• Task directions
All pictures are to be dropped, and everything else in the data duplicated exactly.

• Supplied data
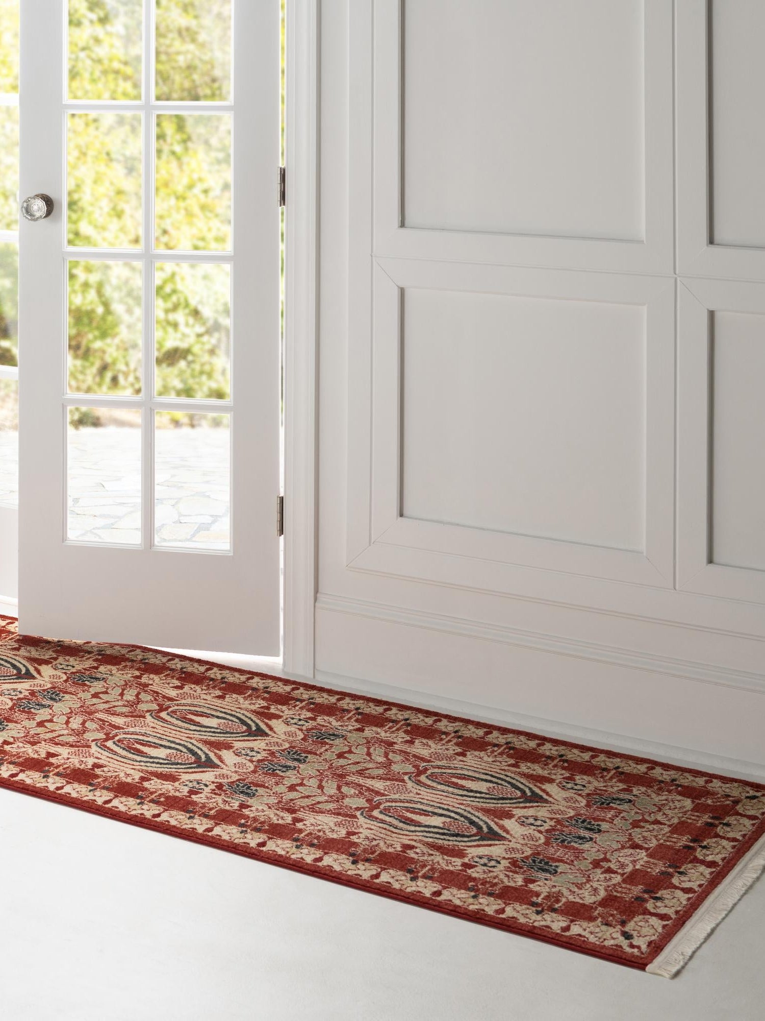 Washable Vintage Red 2' x 5' 1 Timeless Runner Area Rug Easy to Clean Stain Resistant & Durable
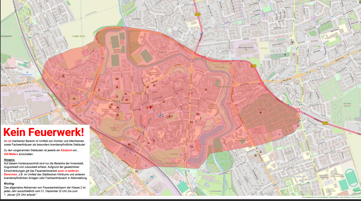 Für die Innenstadt Wolfenbüttels mit ihrer überwiegend aus Fachwerkbauten bestehenden Bausubstanz geht eine verstärkte Brandgefahr durch Silvesterfeuerwerk aus. Für die Stadt Wolfenbüttel bedeutet diese gesetzliche Regelung ein Verbot des Silvesterfeuerwerks in der gesamten Innenstadt einschließlich der August- und Juliusstadt (s. beigefügten Kartenausschnitt).
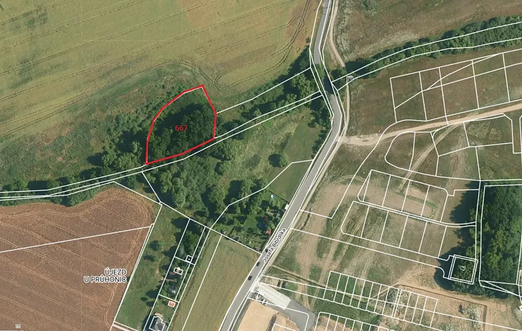 Lesní pozemek p.č. 667 tvoří ojedinělou zeleň v komplexu rozšiřující se bytové a komerční zástavby podél dálnice D1 a je zcela obklopen zemědělskou půdou. Ze severní strany do pozemku zasahuje ochranné pásmo elektrovodu.

• Response area
 Washable Vintage Red 2' x 5' 1 Timeless Runner Area Rug Easy to Clean Stain Resistant & Durable
 Für die Innenstadt Wolfenbüttels mit ihrer überwiegend aus Fachwerkbauten bestehenden Bausubstanz geht eine verstärkte Brandgefahr durch Silvesterfeuerwerk aus. Für die Stadt Wolfenbüttel bedeutet diese gesetzliche Regelung ein Verbot des Silvesterfeuerwerks in der gesamten Innenstadt einschließlich der August- und Juliusstadt (s. beigefügten Kartenausschnitt).
 Lesní pozemek p.č. 667 tvoří ojedinělou zeleň v komplexu rozšiřující se bytové a komerční zástavby podél dálnice D1 a je zcela obklopen zemědělskou půdou. Ze severní strany do pozemku zasahuje ochranné pásmo elektrovodu.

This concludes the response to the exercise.